## Aim of the task
Give the records again exactly as written. Leave out the pictures.

## Exercise data
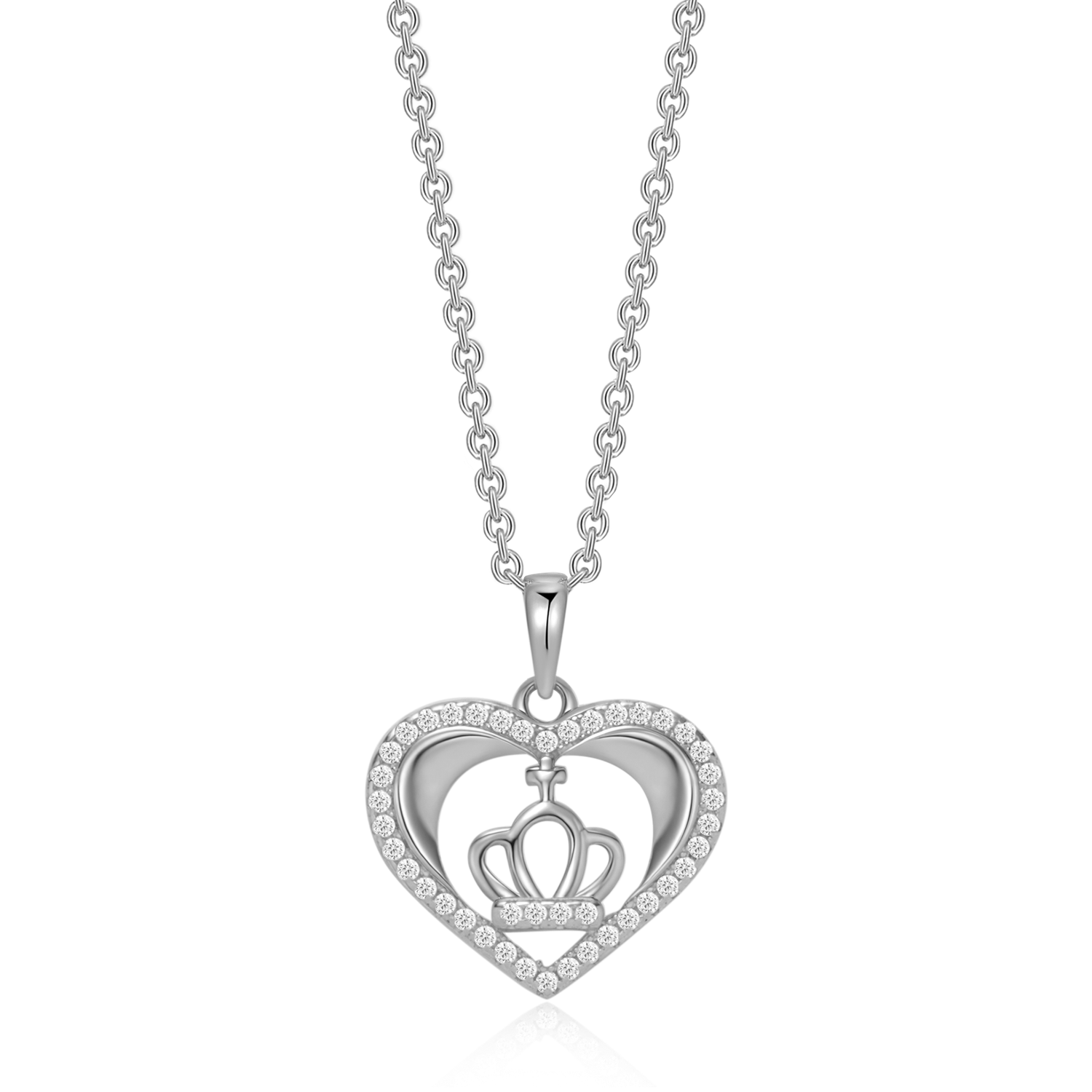 Sølv halskæde rhodineret hjerte med krone og syntetiske cubic zirconia.
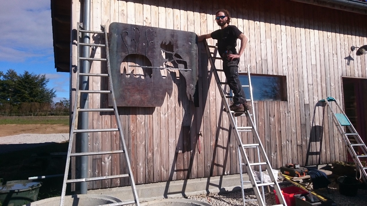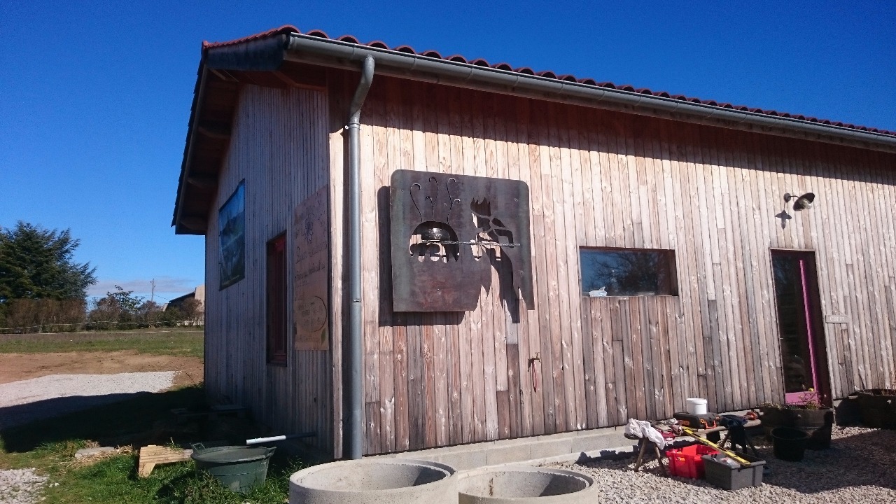 Avec l'aide de quelques gaillards assez costauds (c'est qu'elle doit peser dans les 50 kg!) on l'a posée dimanche sur la facade de la ferme de Géraldine, mon amie paysanne-boulangère à Quintenas (à coté d'Annonay, Ardèche du Nord)
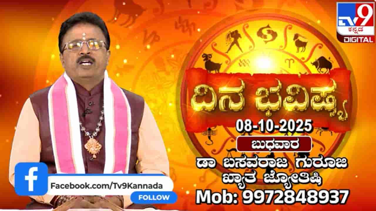 ಅಕ್ಟೋಬರ್ 8, ಬುಧವಾರ, ದಕ್ಷಿಣಾಯಣ, ಶರದ್ ಋತುವಿನ ಆಶ್ವಯುಜ ಮಾಸ,ಕೃಷ್ಣ ಪಕ್ಷದ ಪಾಡ್ಯ ತಿಥಿ, ಯೋಗ ಅರ್ಶನ, ಕೌಲವ ಕರಣವಿರುವ ಇಂದಿನ ದ್ವಾದಶ ರಾಶಿಗಳ ಫಲಾಫಲಗಳನ್ನು ಖ್ಯಾತ ಜ್ಯೋತಿಷಿ ಮತ್ತು ವಾಸ್ತು ಶಾಸ್ತ್ರಜ್ಞ ಡಾ ಬಸವರಾಜ ಗುರೂಜಿ ತಿಳಿಸಿಕೊಟ್ಟಿದ್ದಾರೆ. ಸ್ವಯಂ ಪ್ರಜ್ಞೆ, ಸಂಗಾತಿಯ ದೂರು, ಕಾರ್ಯದಲ್ಲಿ ಗೊಂದಲ, ಹಕ್ಕಿನ ಚಲಾವಣೆ, ವೃತ್ತಿಯ ಸ್ಥಳ ಬದಲು ಇವೆಲ್ಲ ನಿರ್ದಿಷ್ಠ ರಾಶಿಯವರಿಗೆ ಸಂಬಂಧಿಸಿದ್ದೇ ಇಂದಿನ ವಿಶೇಷ.
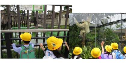 1・2年生で京都市動物園へ行きました。「ぞうがいるよ。」「フラミンゴって2本足で立つのもいるんだね。」「ミーアキャットが立っているよ。」などと話しながら、いろいろな動物たちを見て回りました。ヤギのエサやり体験では、獣医さんからいろいろな動物のお話を聞くことができました。
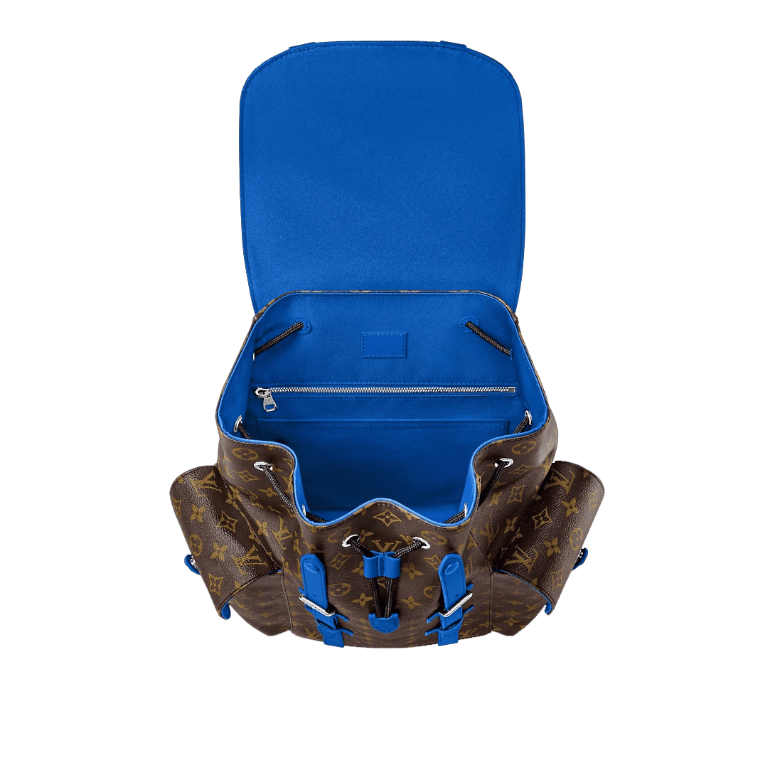 The House’s classic backpack, the Christopher MM, is made from Monogram Macassar canvas with colored-leather trim that emphasizes the bag’s rugged lines. The two side pockets give convenient access to often-used items while the roomy main compartment boasts an iPad pocket, a zipped pocket, and two flat pockets to keep everything in place.
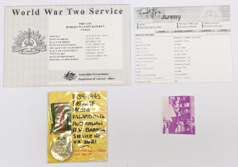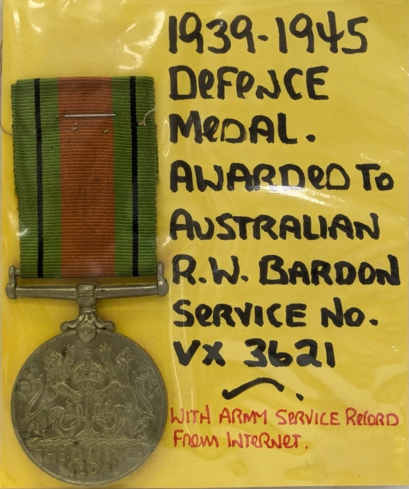 MEDAL - DEFENCE 1939-1945 AWARDED TO AUSTRALIAN R.W. BARDON, SERVICES NO. VX3621
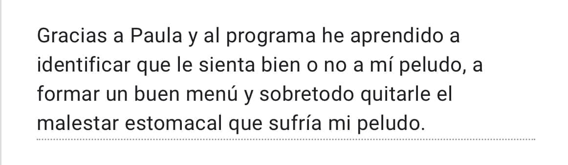Testimonios de personas que han cambiado la dieta de su perro con patología conmigo.

## Exercise output
 Sølv halskæde rhodineret hjerte med krone og syntetiske cubic zirconia.
 Avec l'aide de quelques gaillards assez costauds (c'est qu'elle doit peser dans les 50 kg!) on l'a posée dimanche sur la facade de la ferme de Géraldine, mon amie paysanne-boulangère à Quintenas (à coté d'Annonay, Ardèche du Nord)
 ಅಕ್ಟೋಬರ್ 8, ಬುಧವಾರ, ದಕ್ಷಿಣಾಯಣ, ಶರದ್ ಋತುವಿನ ಆಶ್ವಯುಜ ಮಾಸ,ಕೃಷ್ಣ ಪಕ್ಷದ ಪಾಡ್ಯ ತಿಥಿ, ಯೋಗ ಅರ್ಶನ, ಕೌಲವ ಕರಣವಿರುವ ಇಂದಿನ ದ್ವಾದಶ ರಾಶಿಗಳ ಫಲಾಫಲಗಳನ್ನು ಖ್ಯಾತ ಜ್ಯೋತಿಷಿ ಮತ್ತು ವಾಸ್ತು ಶಾಸ್ತ್ರಜ್ಞ ಡಾ ಬಸವರಾಜ ಗುರೂಜಿ ತಿಳಿಸಿಕೊಟ್ಟಿದ್ದಾರೆ. ಸ್ವಯಂ ಪ್ರಜ್ಞೆ, ಸಂಗಾತಿಯ ದೂರು, ಕಾರ್ಯದಲ್ಲಿ ಗೊಂದಲ, ಹಕ್ಕಿನ ಚಲಾವಣೆ, ವೃತ್ತಿಯ ಸ್ಥಳ ಬದಲು ಇವೆಲ್ಲ ನಿರ್ದಿಷ್ಠ ರಾಶಿಯವರಿಗೆ ಸಂಬಂಧಿಸಿದ್ದೇ ಇಂದಿನ ವಿಶೇಷ.
 1・2年生で京都市動物園へ行きました。「ぞうがいるよ。」「フラミンゴって2本足で立つのもいるんだね。」「ミーアキャットが立っているよ。」などと話しながら、いろいろな動物たちを見て回りました。ヤギのエサやり体験では、獣医さんからいろいろな動物のお話を聞くことができました。
 The House’s classic backpack, the Christopher MM, is made from Monogram Macassar canvas with colored-leather trim that emphasizes the bag’s rugged lines. The two side pockets give convenient access to often-used items while the roomy main compartment boasts an iPad pocket, a zipped pocket, and two flat pockets to keep everything in place.
 MEDAL - DEFENCE 1939-1945 AWARDED TO AUSTRALIAN R.W. BARDON, SERVICES NO. VX3621
Testimonios de personas que han cambiado la dieta de su perro con patología conmigo.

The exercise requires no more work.